This thesis evaluates the cost and environmental tradeoffs of current and future electricity generation options from a life cycle perspective. Policy and technology options are considered for each critical time horizon (near-, mid-, and long-term). The framework developed for this analysis is a hybrid life cycle analysis which integrates several models and frameworks including process and input-output life cycle analysis, an integrated environmental control model, social costing, forecasting and future energy scenario analysis.
The near-term analysis shows that several recent LCA studies of electricity options have contributed to our understanding of the technologies available and their relative environmental impacts. Several promising options could satisfy our electricity demands. Other options remain unproven or too costly to encourage investment in the near term but show promise for future use (e.g. photovoltaic, fuel cells). Public concerns could impede the use of some desirable technologies (e.g. hydro, nuclear). Finally, less tangible issues such as intermittency of some renewable technologies, social equity and visual and land use impacts, while difficult to quantify, must be considered in the investment decision process.
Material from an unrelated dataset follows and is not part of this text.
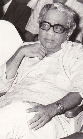 Suresh Joshi with Marathi writer P. L. Deshpandey, at the age of 55, at Vadodara, Gujarat.
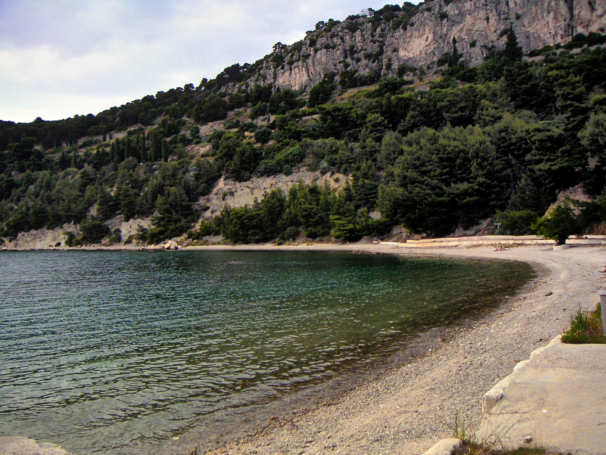 Kasuni beash in Split, Croatia

Coal is a particularly important fuel to consider in the U.S. and is the main focus of this thesis. A hybrid life cycle analysis including the use of process level data, Economic Input-Output Life Cycle Assessment (EIOLCA) and the Integrated Environmental Control Model (IECM) quantify a range of potential impacts for new power plants. This method provides a more complete and consistent basis for comparing different technologies. While Integrated Coal Gasification Combined Cycle (IGCC) technology has clear environmental benefits for bituminous coals over conventional pulverized coal plants, the advantages are less clear for the lower ranked coals at present. Near-term implementation of this technology is hampered by concerns about its reliability and performance. A full scale U.S. installation of this technology would settle the performance concerns while more stringent emissions standards would increase its value. In the mid-term analysis, this thesis explores alternative methods for transport of coal energy. A hybrid life cycle analysis is critical for evaluating the cost, efficiency and environmental tradeoffs of the entire system. If a small amount of additional coal is to be shipped, current rail infrastructure should be used where possible. If entirely new infrastructure is required, the mine mouth generation options are cheaper but have increased environmental impact due to the increased generation required to compensate for transmission line losses. Gasifying the coal to produce methane also shows promise in terms of lowering environmental emissions.
The long-term analysis focuses on the implications of a high coal use future. This scenario analysis focuses on life cycle issues and considers various generation and control technologies. When advanced technologies such as gasification with carbon capture and sequestration are used, emissions during generation decrease to a level where environmental discharges from extraction, processing and transportation become the dominant concern. The location of coal, coal composition and mining method are important in determining the overall impacts.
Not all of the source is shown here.